When Ashley and Lydia came hurtling through my door, my body was on the floor, imprinted in the stone and ash, but I was not. I hovered somewhere above, close to the ceiling, watching.

‘No!’ Lydia screamed as she hurled herself at me, grabbing my shoulder as Ashley checked my pulse. I heard thunder and lightning and raised voices.

‘She’s alive,’ Ashley confirmed, pulling up my eyelids and releasing them when she saw the milky irises underneath. ‘I think.’

‘What do we do?’ Lydia turned to my aunt, desperate and afraid. ‘Ashley, what do we do?’

‘We calm down for a start.’

She sat back on her heels and surveyed the state of my room. The stone roses, the inch-deep carpet of ash, the broken windows. Then she looked up, staring right at me, through me.

‘Go downstairs,’ Ashley said. ‘Tell everyone our boiler exploded, then get them gone and send your brother up here. I need to move Em.’

‘Already here,’ Jackson replied, careening through the door so fast, he almost tripped over his own feet. He stalled in front of my bed and jerked back at the sight of my motionless body. ‘Is she …?’

‘She needs to be moved,’ Ashley repeated. ‘I need downstairs emptiednow.’

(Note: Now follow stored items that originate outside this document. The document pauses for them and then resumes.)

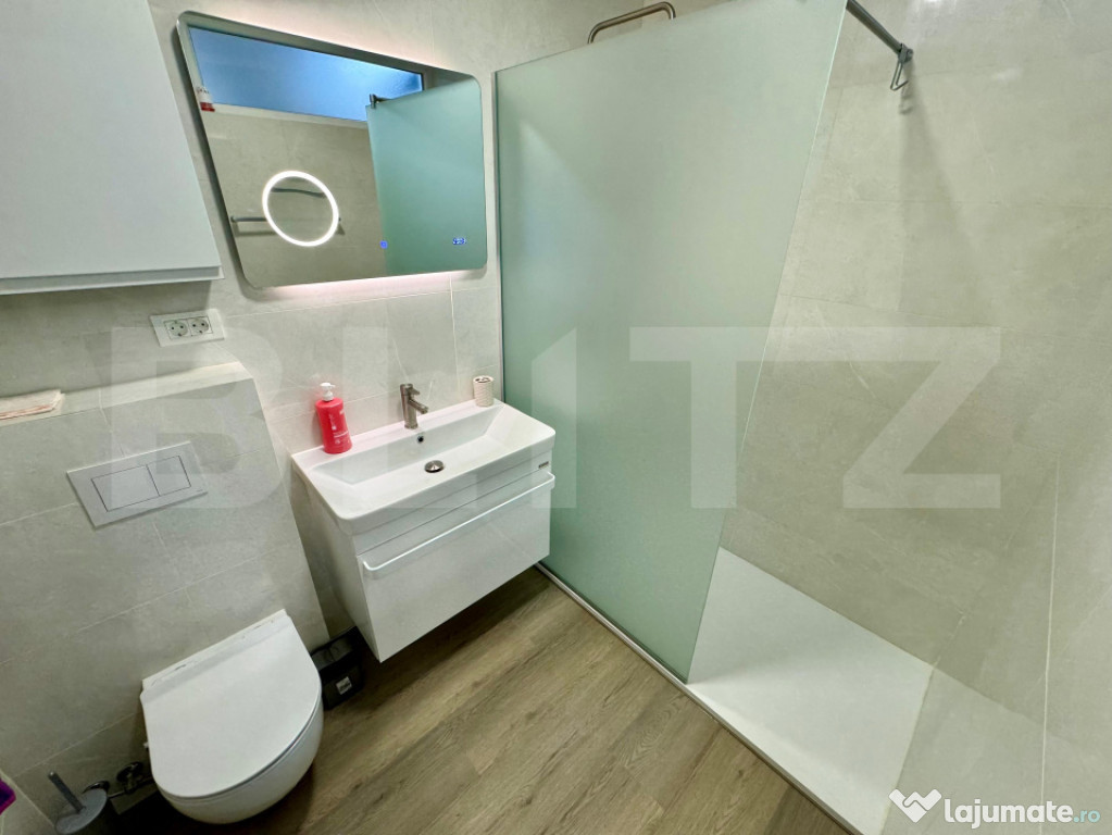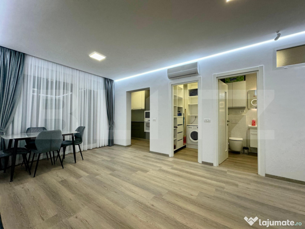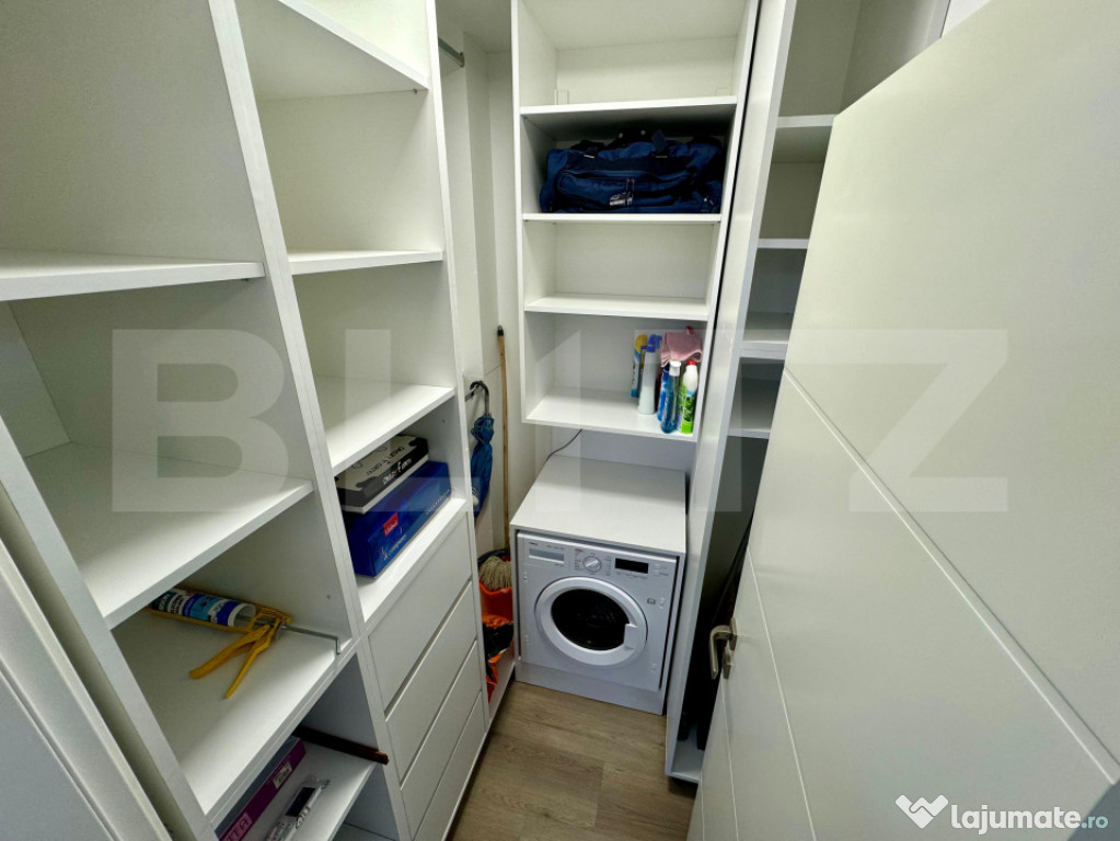 Holul de 2.62 mp oferă acces direct în livingul spațios de 30.23 mp, un spațiu luminos și primitor. Bucătăria este separată, având 5.90 mp, complet mobilată și utilată. Dormitorul măsoară 12 mp, este bine delimitat de zona de zi și oferă suficient spațiu pentru confortul personal. Baia are 4.44 mp, iar imediat după aceasta se află spațiul tip logie de 3.64 mp, amenajat inteligent cu mașină de spălat–uscat (2 în 1) și rafturi pentru depozitare, devenind o zonă tehnică extrem de utilă în locuință.
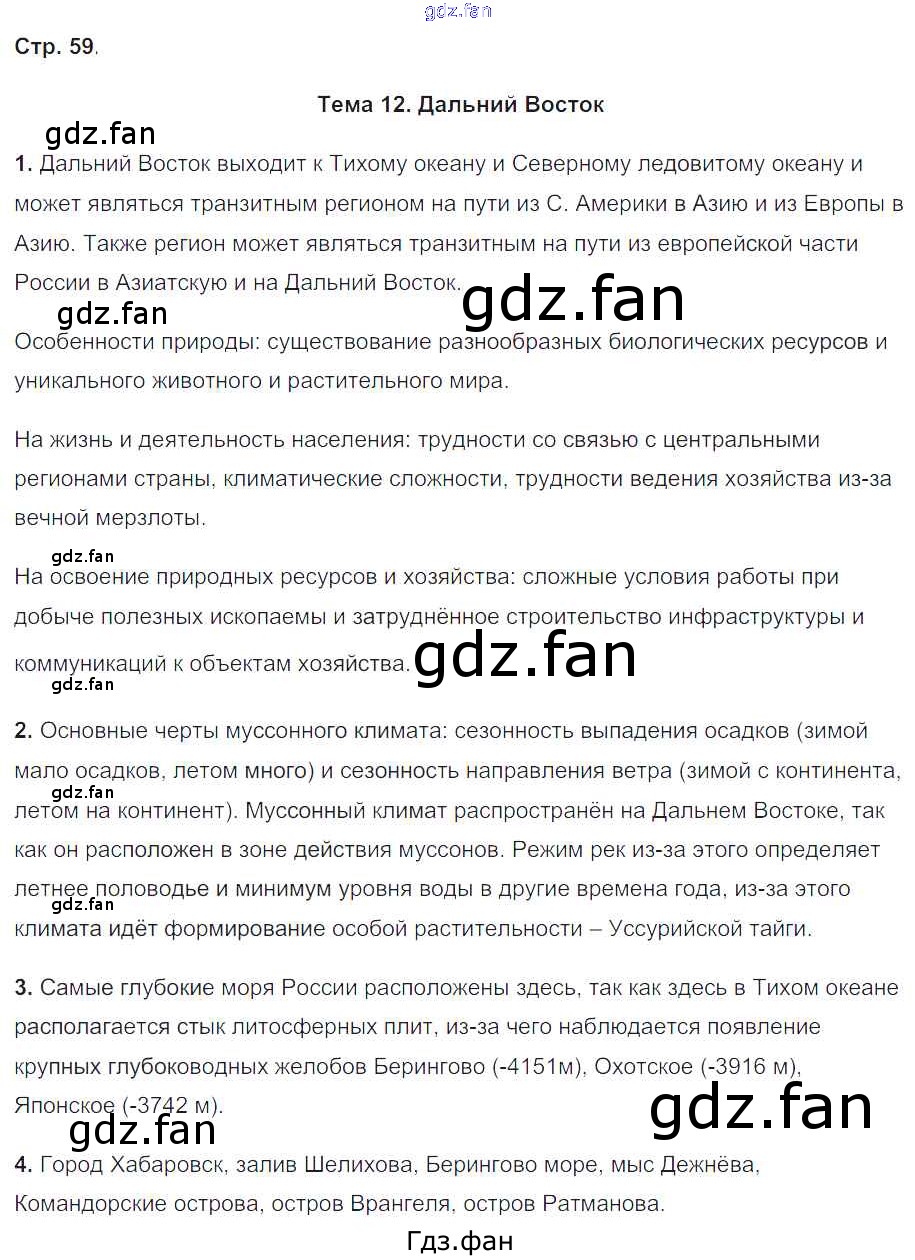 Проверка домашнего задания всегда занимает большое количество времени. На помощь приходит ГДЗ фан по Географии девятого класса. Здесь собраны популярные ответы на 59 (Тема 12. Дальний Восток № 1, 2, 3, 4) География 9 класс Рабочая тетрадь с комплектом контурных карт Баринова И.И.
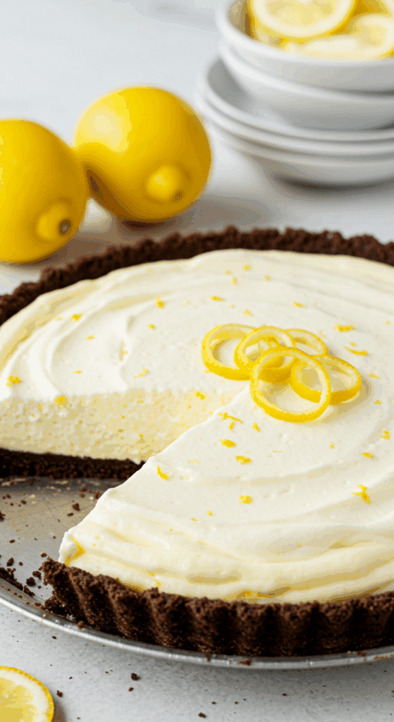 - Why It’s Special: The airy, mousse-like filling, achieved through whipped egg whites and gelatin, paired with a zesty lemon flavor, makes this pie a standout for its light yet flavorful profile.
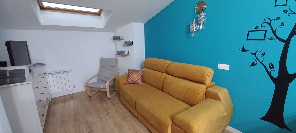 Насолоджуйтеся комфортним перебуванням у цій елегантній, повністю обладнаній студії, розташованій в центрі Вальядоліда. Двоспальне ліжко та диван. Смарт-телевізор і Wi-Fi Кондиціонер і опалення для вашого комфорту в будь-який час. Повністю обладнана кухня з пральною/сушильною машиною, посудомийною машиною, кавоваркою, мікрохвильовою піччю, кухонним приладдям... Приватна ванна кімната: рушники, гель, шампунь та кондиціонер Надувне ліжко надається за запитом. Кроки від площі Пласа-Майор. Незалежний доступ. Перший поверх помешкання
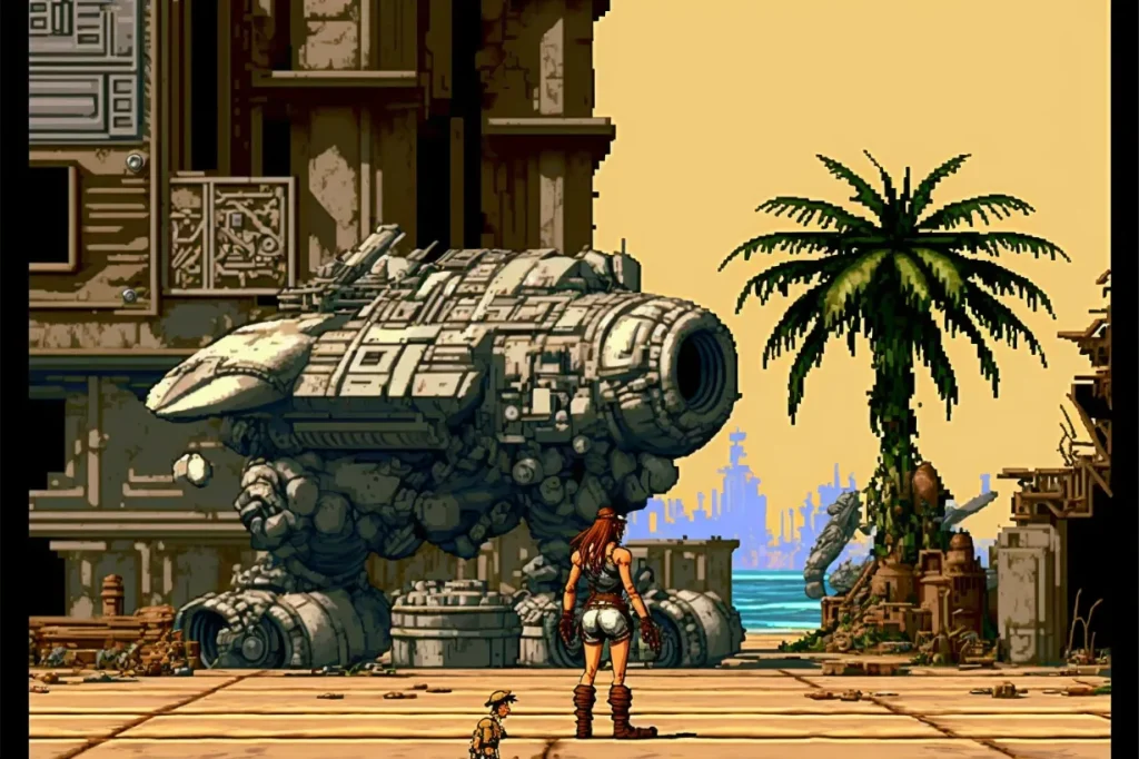 clean pixel art, post apocalyptic city, style of metal slug1996--ar3:2
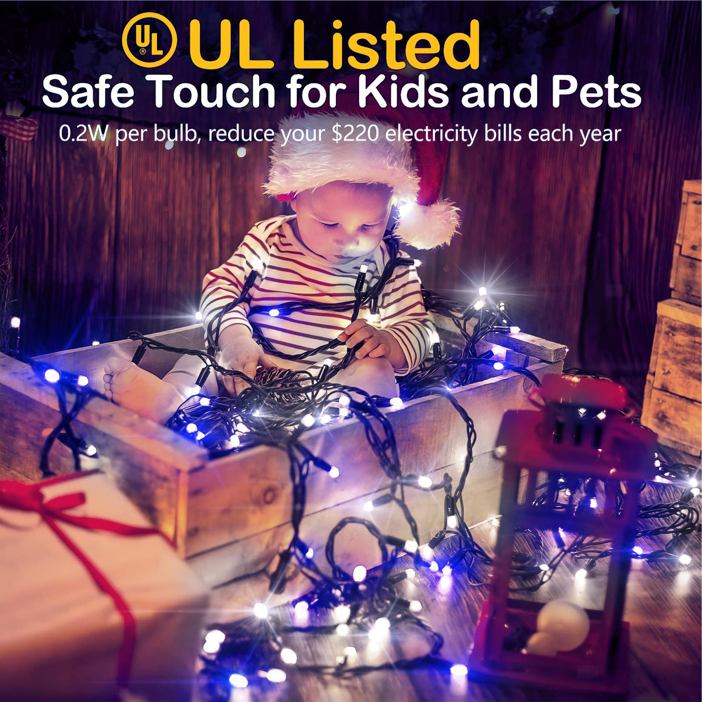 Q: Are the XURISEN Christmas Lights safe for children and pets?A: Yes, these lights are UL listed and powered by low voltage, making them safe for use around children and pets. They are designed to prevent electric shock and have low energy consumption.
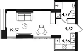 Студия, 33.54 м², 5 эт. в ЖК SOLOS Корпус 1Б
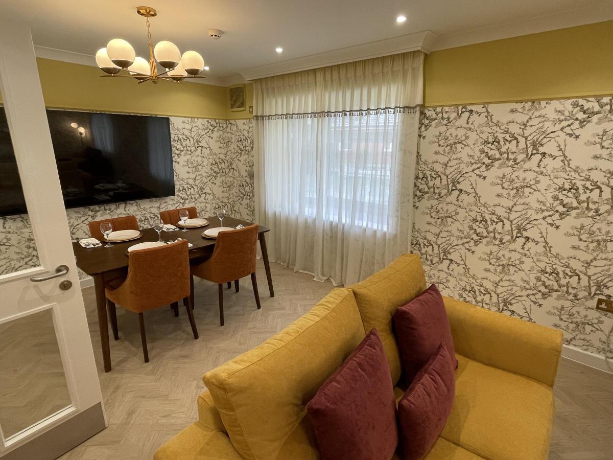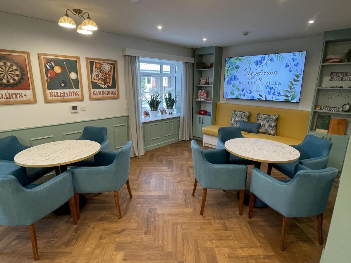 Bluebell Villa has been carefully designed to support people living with the early stages of dementia, with familiar interiors, calm spaces and thoughtful details throughout. From the 1960s-inspired sitting area to the cinema room, courtyard, family room and on-site physiotherapy, every space has been created to help Residents feel comfortable, engaged and at home.
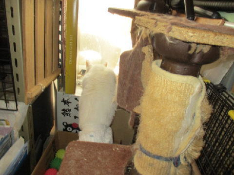 西側のスチール棚やタワーから、何を見てるのかにゃ~?蛾や虫が飛んできてるの~?と、思ってたら。。。大♂スチール棚の一番上の奥から華♀スチール棚から少し顔を出してボク♂タワーの一段目奥からユキ♀スチール棚の二段目からタワーの一段目奥は、入れ替わってハル♀その上に将♂みんにゃが見てたのは、赤い矢印の所にいる白いにゃんこ~外に出してる椅子の上で、寝てるみたい。欲しいなぁ~と思って、買っちゃいました。今まで使ってるより、高さも幅も少し短いですが、両横に、ポケットが付いてるので買っちゃいました。リュックサックです。出かける時や買い物の時、両手が使えるので便利で、リュックサックを利用してます。^^13日は~~最低気温10.5℃最高気温25.7℃朝から晴れ~~。朝の気温が今日も低かった。気温の低い朝は、1~2時間ファンヒーターを点けてます。日中は過ごしやすかったです。様子見(=^-^=)達は、あい♀ボク♂大♂きじ丸♂の4にゃんこ毎日の飲み薬はシリンジで、ボク♂きじ丸♂の2にゃんに飲ませてます。まだまだ手がかかってます。申し訳ないですが、暫くは、コメントへのお返事は無理みたいです我が家の25にゃんこの紹介は2016年01月05日の日記←25匹の猫達の画像と短い紹介を書いてます。 左上の方にある『ホーム』をクリックして入ると、毎年のにゃんこの紹介も見れますョ。
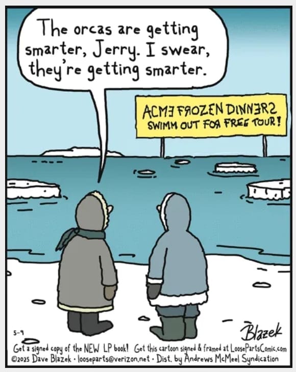 Eskimos observe that orcas are luring people with “Swim Out for a Free Tour” signs. It’s both ridiculous and smart — a commentary on evolution and entrapment dressed as arctic banter. Absolutely killer (pun intended).
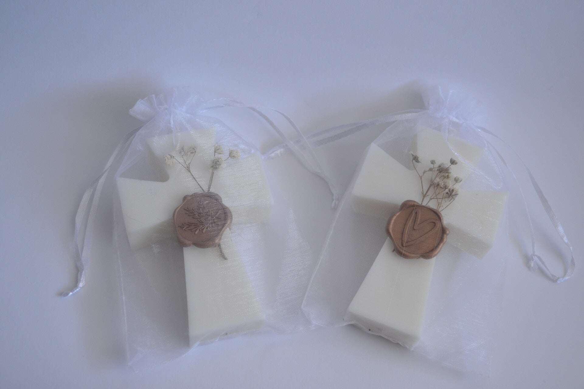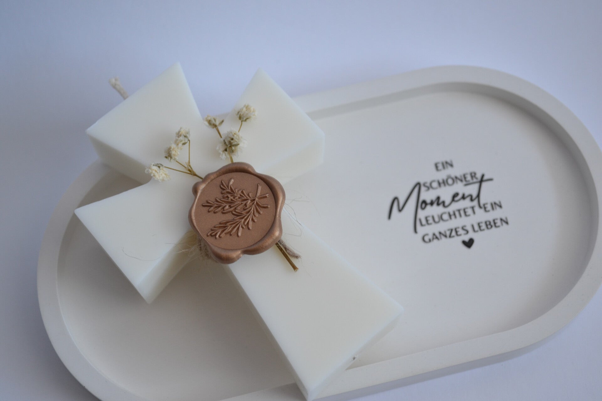 Die Kreuz Kerze aus Bio-Sojawachs wird in liebevoller Handarbeit gefertigt, mit feinen Trockenblumen veredelt und mit einem Kunstsiegel versehen.

Lydia accepted her assignment without further question and raced out of my room, hollering at the top of her voice. The house wanted to help too, encouraging the stragglers out of the parlour and into the streets, all the way off Bell property. It was still reeling from the attack, violated and unsure, and I ran a hand over the chandelier above my bed to soothe it as best I could. My best was all I had now. I hoped it would be enough.

‘This better work,’ Ashley said through gritted teeth.

Jackson stood close by, carrying my limp body in his arms, as she cautiously raised a hand to the craft room door.

‘I don’t like you, you don’t like me,’ she told the blue painted wood. ‘But she needs you and I know damn well you need her.’

The door opened slowly, little lights like fireflies guiding the way.